[Provided records]

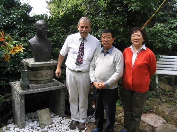 Thomas Rabe accompanies Liu Jianye (C), former deputy director of the Museum of the War of Chinese People's Resistance Against Japanese Aggression, and Liang Yi, professor at Beijing Union University, on a visit to the John Rabe Communication Center in Heidelberg, May 2, 2006. [Photo provided by Thomas Rabe]
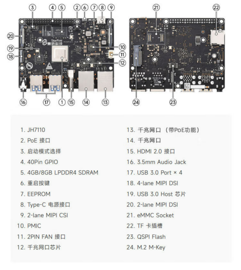 它搭载了昉·惊鸿-7110(JH-7110)RISC-V多媒体处理器,采用64位四核RISC-V CPU,工作频率高达1.5GHz。VisionFive 2不仅性能强劲,而且接口丰富、可扩展性强,软件资源丰富,为开发者提供了一个高效、易用、安全的数据存储和管理平台。以下是关于StarFive VisionFive 2的详细介绍:
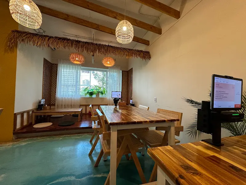 호기심을 억누르지 못하고 안으로 들어섰다. 문을 열자, 예상대로 아늑하고 이국적인 풍경이 펼쳐졌다. 나무 테이블과 의자, 라탄 소재의 조명, 그리고 은은하게 울려 퍼지는 하와이안 음악. 잠시나마 속초가 아닌 다른 세계에 온 듯한 착각이 들었다.
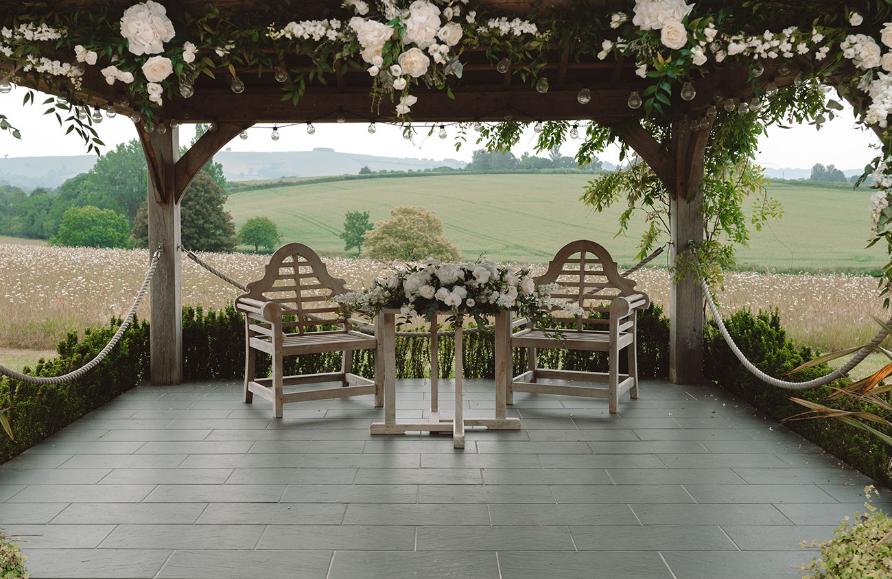 The views also took centre stage during the wedding breakfast, when guests tucked into dishes such as chicken liver parfait, slow-roast Venn Farm pork belly and chocolate torte amongst gorgeous florals framing the countryside beyond.
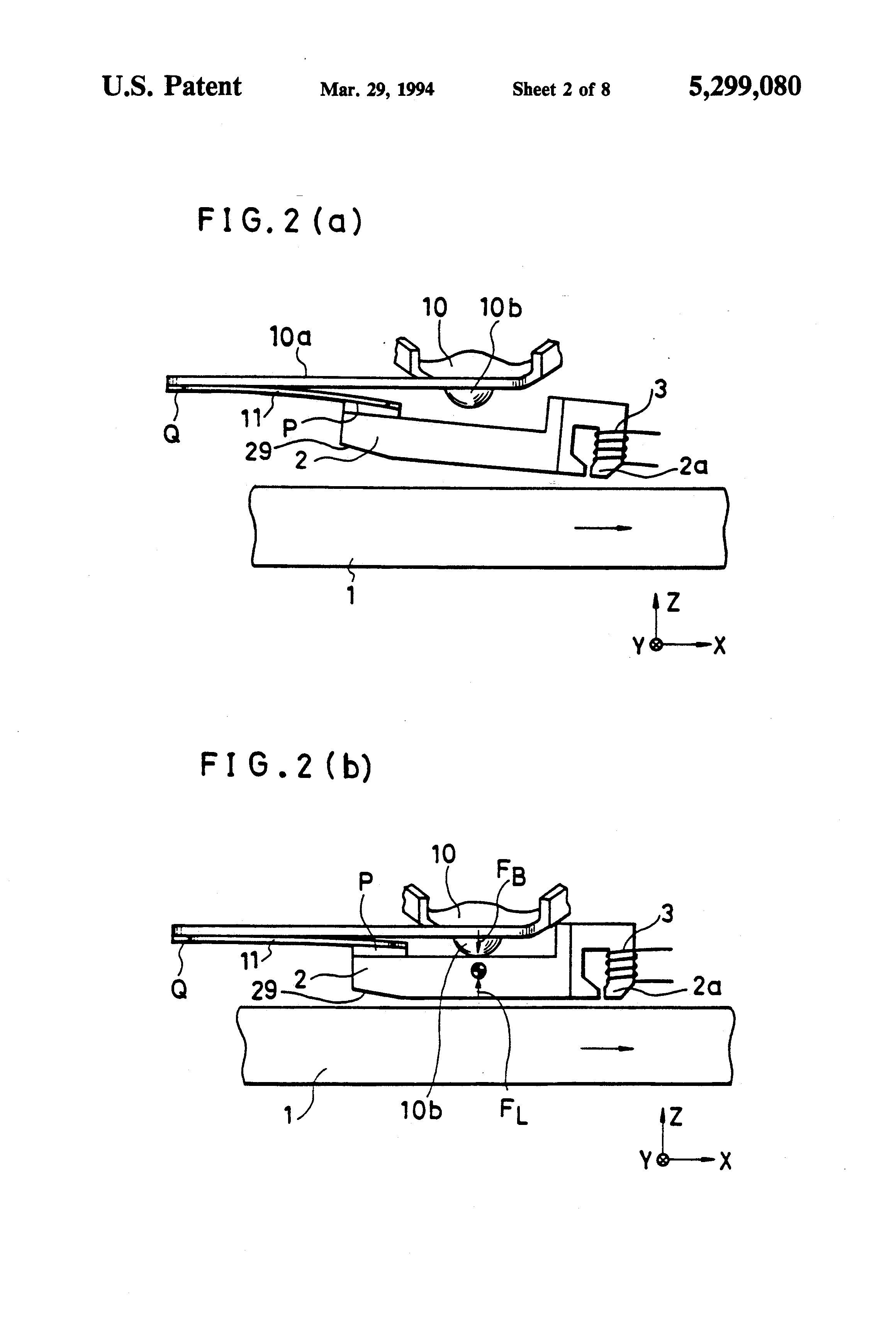 A slider connected to a floating head assembly having a magnetic head at a tail or air flow-out end is controlled by a load beam at a position of air flow-in end via a gimbal. When the slider is brought close to a disk-shaped revolving recording medium, its posture is such that the gap at the flow-in end is wider than that at the flow-out end. An air film is rapidly formed starting from the flow-out end to provide stability and cushioning effects between the slider and the disk-shaped revolving recording medium. As a result, a soft landing due to the laminar air flow is automatically achieved.
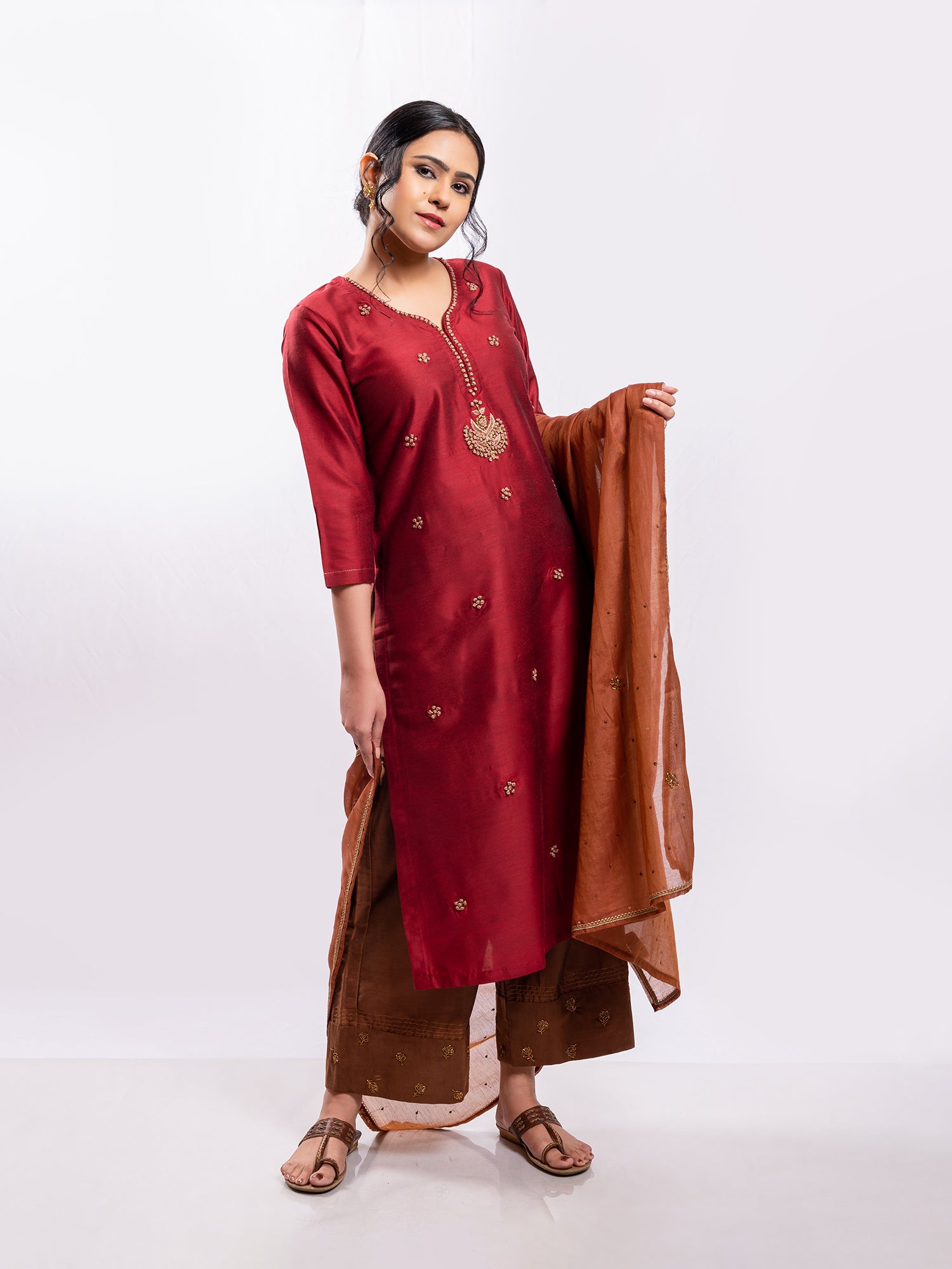 - DETAILS: The cotton chanderi dupatta features beautiful aari hand work.
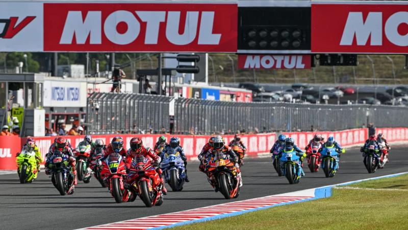 Di bawah sorotan lampu start, Francesco Bagnaia dari tim Ducati Lenovo Team kembali menunjukkan launch sempurna, merebut holeshot di depan rookie Pedro Acosta dari Red Bull KTM Factory Racing dan Marc Marquez di posisi ketiga.
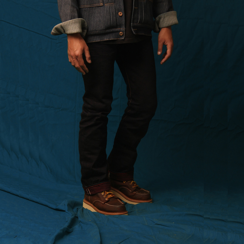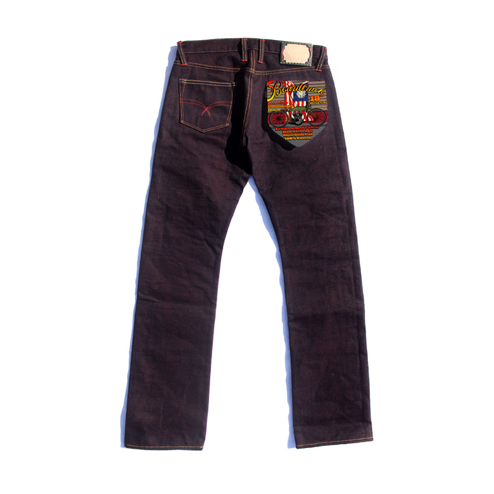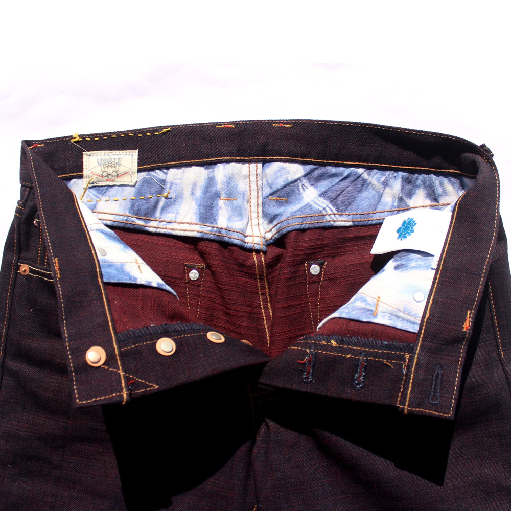 Voute Denim - Boardtrack Jeans 18oz Indigo x Maroon Unsanforized Selvedge Heavy Weight Raw Denim Deep Blue Indigo Jeans Celana Panjang Men Pria Long Pants Unsanfor Sanforized Slim Tapered Straight Reguler Pant Blue Black
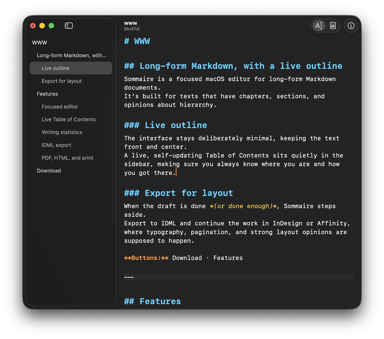 Sommaire est un éditeur macOS natif pour les longs documents Markdown. Il est conçu pour les textes qui ont des chapitres, des sections et des opinions sur la structure.
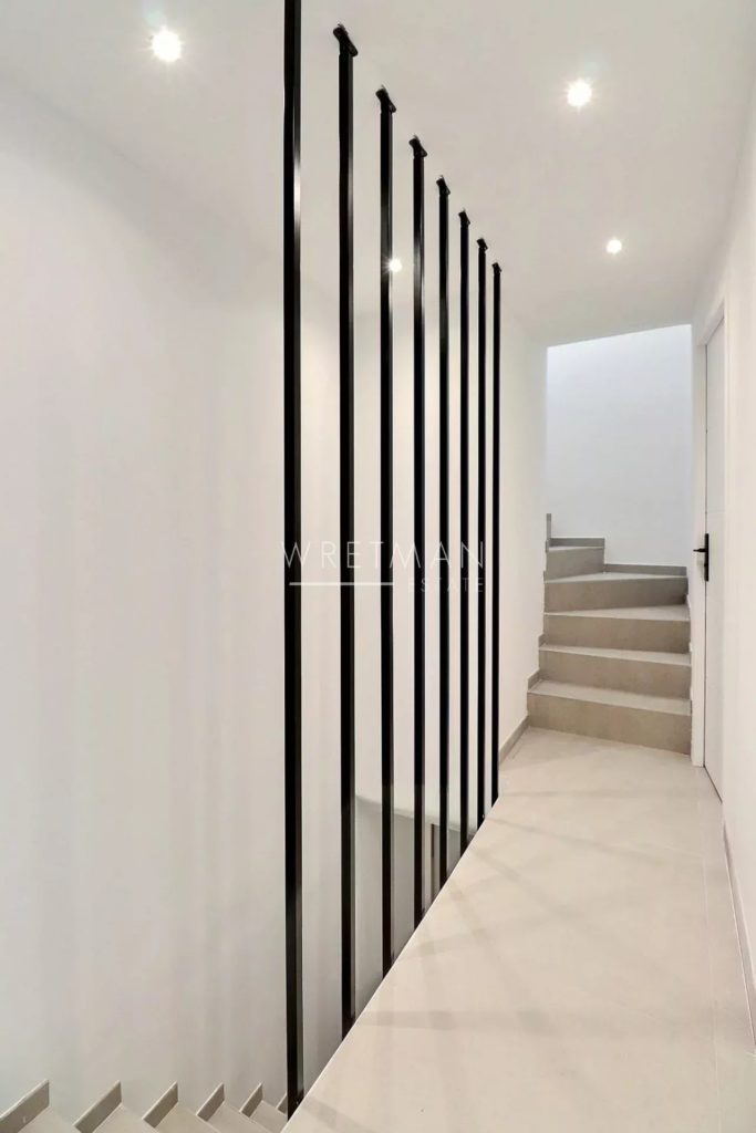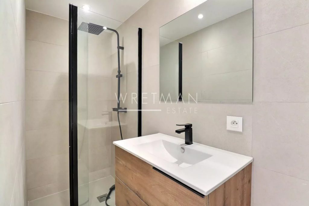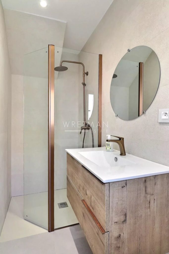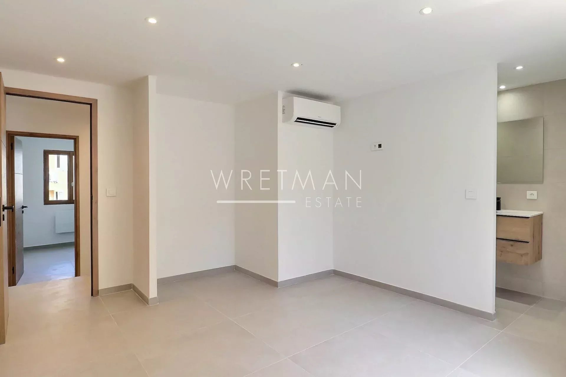 Lägenheten är ljus och vetter mot söder, med två rymliga sovrum – båda med eget duschrum – varav det ena även har en liten klädkammare. Separat gästtoalett. Vardagsrummet öppnar upp mot ett inrett kök som fortfarande kan anpassas efter köparens önskemål. En charmig takterrass (terrasse tropézienne) fulländar bostaden och bjuder på fri utsikt över byns takåsar och de omgivande kullarna. Fastigheten har fast internetuppkoppling i varje rum, vilket gör den idealisk för distansarbete. Flera allmänna parkeringsplatser finns inom kort gångavstånd.
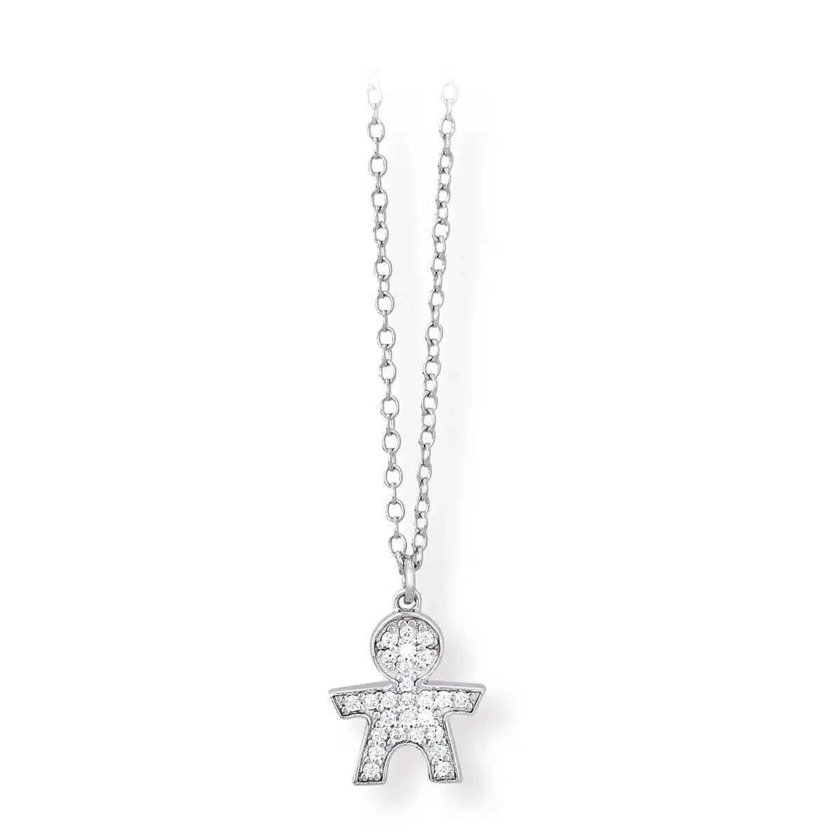 Collana in argento 925/1000 con pendente bebè Maschio con zirconi bianchi.
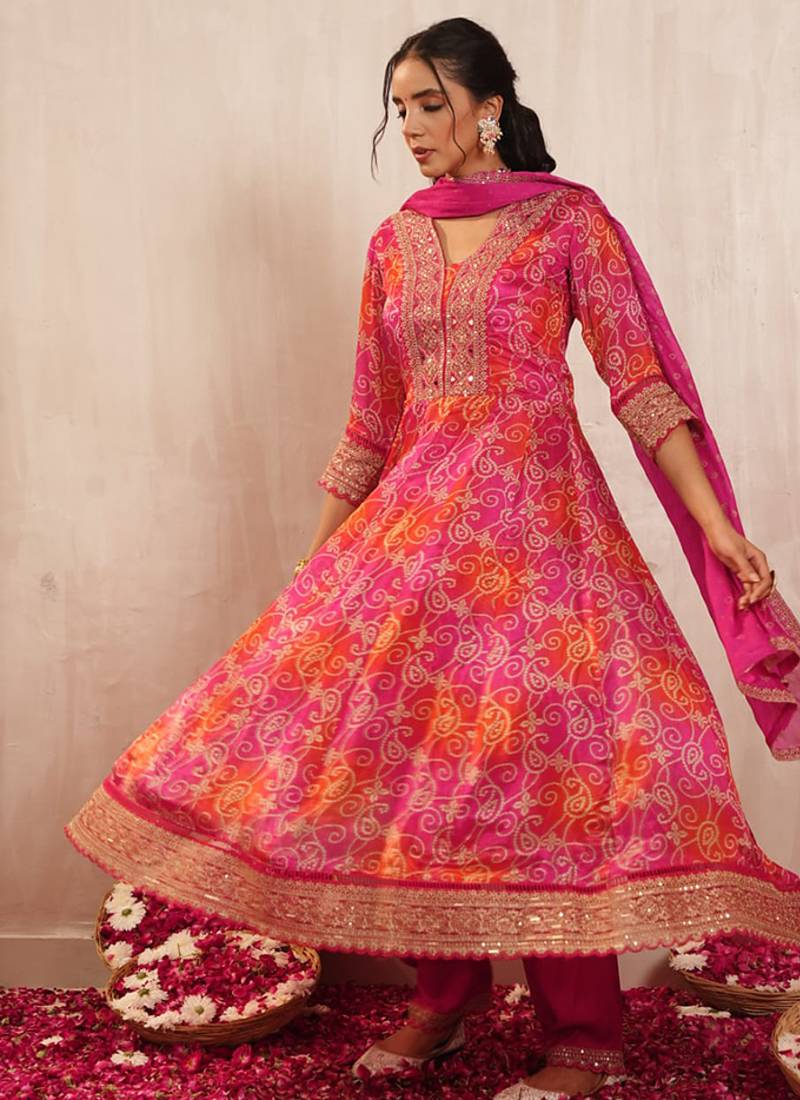 Rani Pink Chinon Silk Bandhani Print Ready Made Kurta Set Stitched

[/Provided records]

▶ **Instructions to follow**
This exercise calls for the records to be given again exactly, without the images.

▶ **Response to the task**
 Thomas Rabe accompanies Liu Jianye (C), former deputy director of the Museum of the War of Chinese People's Resistance Against Japanese Aggression, and Liang Yi, professor at Beijing Union University, on a visit to the John Rabe Communication Center in Heidelberg, May 2, 2006. [Photo provided by Thomas Rabe]
 它搭载了昉·惊鸿-7110(JH-7110)RISC-V多媒体处理器,采用64位四核RISC-V CPU,工作频率高达1.5GHz。VisionFive 2不仅性能强劲,而且接口丰富、可扩展性强,软件资源丰富,为开发者提供了一个高效、易用、安全的数据存储和管理平台。以下是关于StarFive VisionFive 2的详细介绍:
 호기심을 억누르지 못하고 안으로 들어섰다. 문을 열자, 예상대로 아늑하고 이국적인 풍경이 펼쳐졌다. 나무 테이블과 의자, 라탄 소재의 조명, 그리고 은은하게 울려 퍼지는 하와이안 음악. 잠시나마 속초가 아닌 다른 세계에 온 듯한 착각이 들었다.
 The views also took centre stage during the wedding breakfast, when guests tucked into dishes such as chicken liver parfait, slow-roast Venn Farm pork belly and chocolate torte amongst gorgeous florals framing the countryside beyond.
 A slider connected to a floating head assembly having a magnetic head at a tail or air flow-out end is controlled by a load beam at a position of air flow-in end via a gimbal. When the slider is brought close to a disk-shaped revolving recording medium, its posture is such that the gap at the flow-in end is wider than that at the flow-out end. An air film is rapidly formed starting from the flow-out end to provide stability and cushioning effects between the slider and the disk-shaped revolving recording medium. As a result, a soft landing due to the laminar air flow is automatically achieved.
 - DETAILS: The cotton chanderi dupatta features beautiful aari hand work.
 Di bawah sorotan lampu start, Francesco Bagnaia dari tim Ducati Lenovo Team kembali menunjukkan launch sempurna, merebut holeshot di depan rookie Pedro Acosta dari Red Bull KTM Factory Racing dan Marc Marquez di posisi ketiga.
 Voute Denim - Boardtrack Jeans 18oz Indigo x Maroon Unsanforized Selvedge Heavy Weight Raw Denim Deep Blue Indigo Jeans Celana Panjang Men Pria Long Pants Unsanfor Sanforized Slim Tapered Straight Reguler Pant Blue Black
 Sommaire est un éditeur macOS natif pour les longs documents Markdown. Il est conçu pour les textes qui ont des chapitres, des sections et des opinions sur la structure.
 Lägenheten är ljus och vetter mot söder, med två rymliga sovrum – båda med eget duschrum – varav det ena även har en liten klädkammare. Separat gästtoalett. Vardagsrummet öppnar upp mot ett inrett kök som fortfarande kan anpassas efter köparens önskemål. En charmig takterrass (terrasse tropézienne) fulländar bostaden och bjuder på fri utsikt över byns takåsar och de omgivande kullarna. Fastigheten har fast internetuppkoppling i varje rum, vilket gör den idealisk för distansarbete. Flera allmänna parkeringsplatser finns inom kort gångavstånd.
 Collana in argento 925/1000 con pendente bebè Maschio con zirconi bianchi.
 Rani Pink Chinon Silk Bandhani Print Ready Made Kurta Set Stitched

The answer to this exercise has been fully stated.